The Canadian domestic bond prices strengthened for the second straight day on Friday as the retail sales weakness prompted buying after several weeks of declines.
Government debt prices gained ground on the retail sales report, but, with a technically driven rally boosting US treasuries sharply, US-Canada yield spreads narrowed.
Gains were capped partly because the August retail figures were only the fourth monthly drop in 20 months, while the Bank of Canada's rate hike this week and subsequent comments have cemented expectations of continued monetary tightening.
Rate hikes generally drive bond prices lower, as their fixed payments look less attractive when compared with higher yields on short-term investments.

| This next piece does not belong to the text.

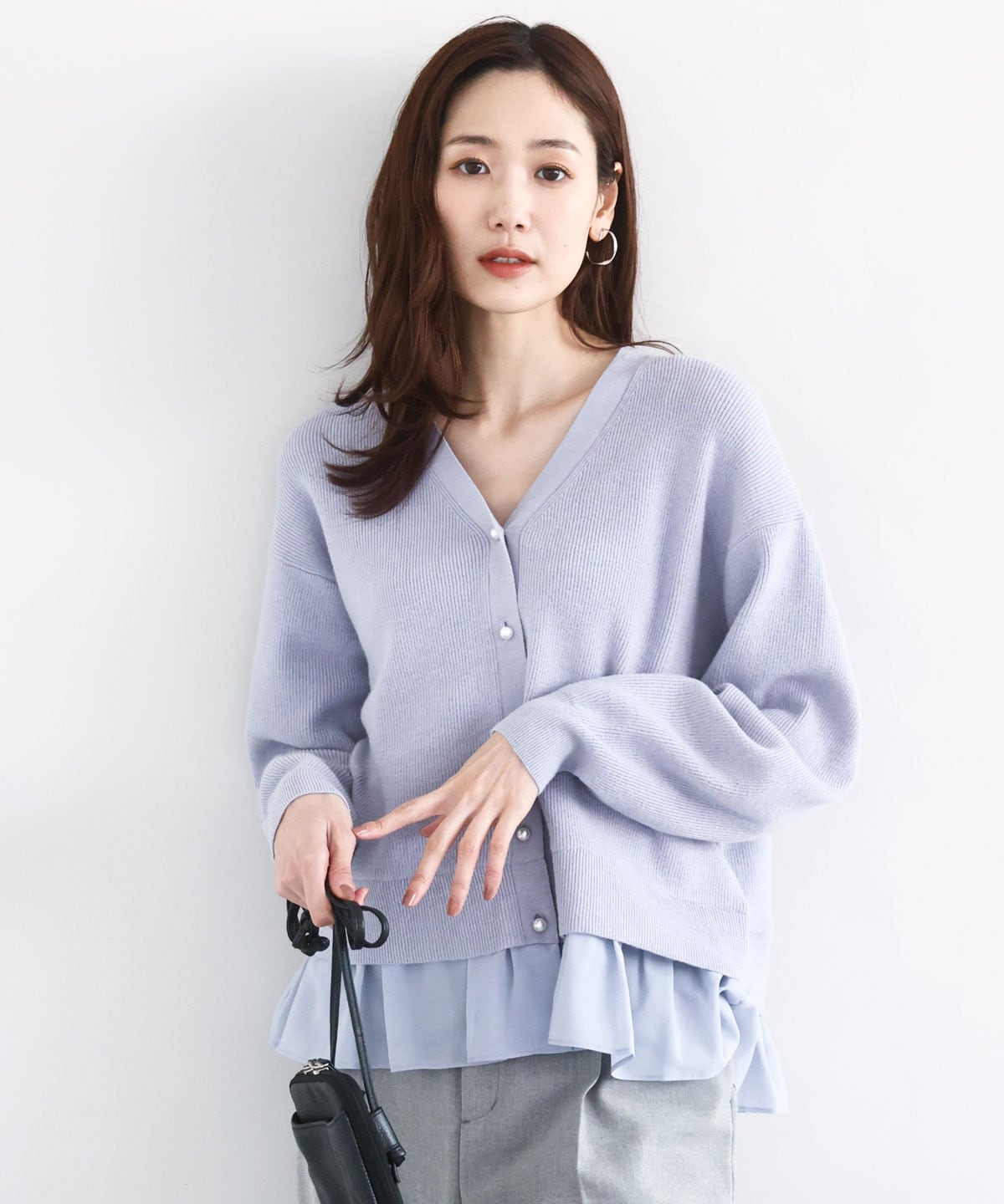 大人かわいいコーデにマッチしやすいVネックカーディガンです。

It was the second straight day of price gains, but that followed about seven weeks of declines as the Bank of Canada sounded a more hawkish tone.
In addition to next week's data, Bank of Canada Governor David Dodge and Deputy Governor Paul Jenkins will appear before a Senate banking committee on Wednesday to talk about the Monetary Policy Report.
The two-year bond rose 2 Canadian cents to C$98.54 to yield 3.479 percent, while the 10-year bond climbed 26 Canadian cents to C$103.73 to yield 4.027 percent.
The yield spread between the two-year and 10-year bond moved to 54.8 basis points from 57.1 at the previous close.
The 30-year bond gained 65 Canadian cents to C$113.04 to yield 4.246 percent. In the United States, the 30-year treasury yielded 4.601 percent.
The three-month when-issued T-bill yielded 3.08 percent, up from 3.07 percent at the previous close.